Not to get too deep into analysis here, I'll nevertheless point out the unmistakable parallels between the personages in _Parsifal _ and those in the _Ring _: Titurel/Wotan (powerful rulers and guardians of the established moral order), Klingsor/Alberich (the "shadows," in the Jungian sense, of Titurel and Wotan, embodying the unvarnished dark side of their apparently high-minded ambitions), and Parsifal/Siegfried (the wild child, the "natural man," who must acquire a conscious self and learn how to live as a moral agent.) Parsifal is essentially a Siegfried who grows up: through the experience of empathy, he realizes that salvation can't be found through yielding to seductive illusions of egoistic pleasure (Kundry) on the one hand or through the wielding of power (the Spear) on the other, and thus, by understanding and assuming his responsibility for the world (Amfortas and the Grail knights), he can succeed in rediscovering and redeeming the source of life (the Grail). This of course is only a sketch; filling it out in terms of the opera's canny dramaturgy and uncanny music can occupy books, and has done so.

To anyone who wants to get at _Parsifal_'s meaning, I can only recommend what Wagner recommended as the key to his works: listen to the music. The chromatic subtlety and ambiguity of this score, its unprecedented and unsettling mix of agony and ecstasy, the sublime and the horrible, forbid simplistic assumptions based on the work's religious appearances. _Parsifal_ is admittedly a difficult nut to crack, and I can't blame anyone for not seeing beneath its mystic magic show. But the simple fact is that Nietzsche did not, and that anyone who trusts his guidance on the matter will not. That's what's relevant here.


----------



## eugeneonagain (May 14, 2017)

"Be careful"? What the dickens is this supposed to mean? 

I'm not a committed 'Nietzschean' so I'm easily able to see the man's weaknesses. Is it really out-of-line for me to say that you seem unable to recognise any critique of Wagner that isn't superficial and obvious? That is a sort of devotion. You may indeed take this personally, but I am not trying to needle you personally, as Woodduck the person.


----------



## Woodduck (Mar 17, 2014)

eugeneonagain said:


> "Be careful"? What the dickens is this supposed to mean?
> 
> I'm not a committed 'Nietzschean' so I'm easily able to see the man's weaknesses.
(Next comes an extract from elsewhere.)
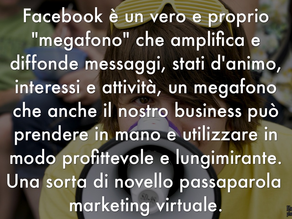 Facebook è un vero e proprio "megafono" che amplifica e diffonde messaggi, stati d'animo, interessi e attività, un megafono che anche il nostro business può prendere in mano e utilizzare in modo profittevole e lungimirante. Una sorta di novello passaparola marketing virtuale.

Is it really out-of-line for me to say that you seem unable to recognise any critique of Wagner that isn't superficial and obvious? That is a sort of devotion. You may indeed take this personally, but I am not trying to needle you personally, as Woodduck the person.


Yes, it certainly is out of line - i.e. presumptuous and insulting - to say that I "seem" unable to recognize any critique of Wagner that isn't superficial and obvious. How do you know what critiques of Wagner I am able to recognize? The fact that I find _your_ remarks about his work and the people who love it off the mark, prejudiced, and demeaning offers not a clue to what I'd think of someone else's critiques. Do you think your critiques represent the only ones possible, or the last word on the subject? If so, the arrogance is mind-boggling.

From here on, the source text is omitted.